Although one cannot be certain about the pure novelty of some post-NT developments in Christian hymnody, some hymnic characteristics do seem to be developments which respond to issues different from those faced during the period of production of canonical literature. Ignatius Eph. 19 includes an explicit attack on the perduring attractiveness of magic in the empire. The issue of Christ’s death as “sacrifice” makes explicit a motif perhaps only implicit in the canonical hymns (Melito of Sardis Homily on the Pasch). Dance is mentioned in the hymnic portions of the Acts of John and in the Easter hymn of Hippolytus. Prayers celebrating the Virgin’s role in making Christ available are especially prominent in the Eastern Church, where numerous hymns designed for use at specific times of day were also being crafted (Gospel of Bartholomew, Cyril of Alexandria, Gregory Nazianzus). There may also be evidence that some Scriptures were being chanted in this period, which also witnesses hymnic intercessions for holders of specific church offices.

On the frontiers of research in this area one may ask about the way in which early Christian theologizing was affected by the intertwined phenomena of Hellenistic music theory and early Christian anthropology.

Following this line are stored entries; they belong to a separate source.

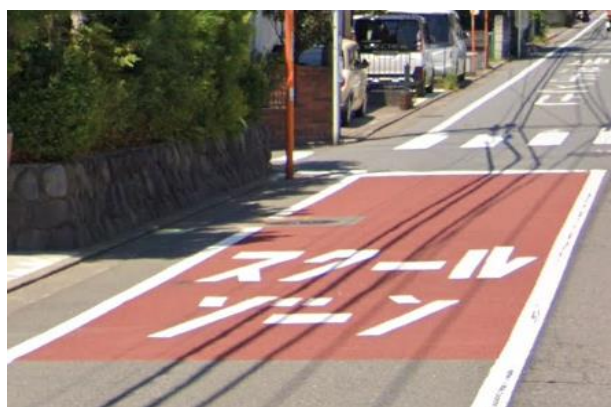
道路区画線標示設置（カラー舗装）
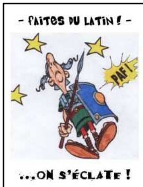
Les deux affiches publicitaires ont été réalisées par des élèves

Personne, elle s'est formée à partir d'une langue appelée l'indo-européen (qui s'étendait de l'Europe jusqu'en Inde). Elle s'est transformée petit à petit en subissant l'influence des langues plus locales (des patois). Le latin qu'on a l'habitude d'apprendre est le latin « classique » que les grands auteurs utilisaient comme Jules César ou Cicéron. Mais le latin n'est pas figé. Il a évolué et évolue encore puisque des livres sont édités en langue latine comme des BD, Astérix, Tintin ou des romans comme Harry Potter.
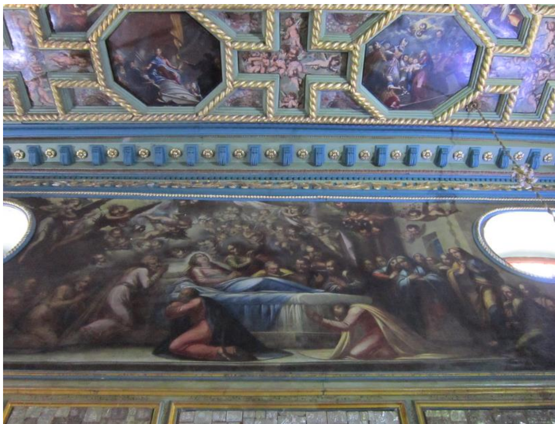
Slika 19. Bogorodičino opraštanje od zemaljskog života

Tema Bogorodičino opraštanje od zemaljskog života tradicionalno je nazvana Smrt Bogorodice. Prikazana je na cijeloj površini gornjeg dijela južnog zida crkve, presječenog s dva ovalna prozora. Kako je ova tema predstavljena, slični na opis Bogorodičine smrti u Ljetopisu. Zmajević, govoreći o tom događaju, prati dugu tradiciju čiji je korijen u apokrifnim tekstovima. Na slici se prikazuje dolazak velikih nebeskih glasnika s lijeve strane koji najavljuju Mariji skorbu smrt kao odgovor na njenu molitvu Bogu da je oslobodi života umrloga. Klečeći apostoli nalaze se oko Bogorodičine postelje, okupljeni zalaganjem Ivana koji je naslikan uz Marijino uzglavlje s prekrizhenim rukama na grudima. Bogorodičine jeruzalemske družbenice kojima je namijenila svoju odjeću, nalaze se na desnoj strani. Uobičajen Marijin atribut: ruže, nose anđeli. Slika predstavlja trenutak kada se Bogorodica oprašta od zemaljskog života što se vidi po otvorenim očima Gospe i položaju sklopljenih ruku na krilu. 86

Bibliography. Editions of texts: F. F. Church and T. J. Mulry, The Macmillan Book of Earliest Christian Hymns (New York, 1988); M. Kiley, ed., Prayer from Alexander to Constantine: A Critical Anthology (London, 1997); E. Lodi, Enchiridion Euchologicum fontium liturgicum. Bibliotheca Ephemerides Liturgicae Subsidia 15 (Rome, 1979). Studies: E. Foley, Foundations of Christian Music: The Music of Pre-Constantinian Christianity (Collegeville, 1996); “Liturgical Music: A Bibliographic Essay,” in Liturgy and Music, ed. R. A. Leaver and J. A. Zimmerman (Collegeville, 1998), 411-53; R. J. Karris, A Symphony of New Testament Hymns (Collegeville, 1996); H. M. Schueller, The Idea of Music: An Introduction to Musical Aesthetics in Antiquity and the Middle Ages (Kalamazoo, 1988).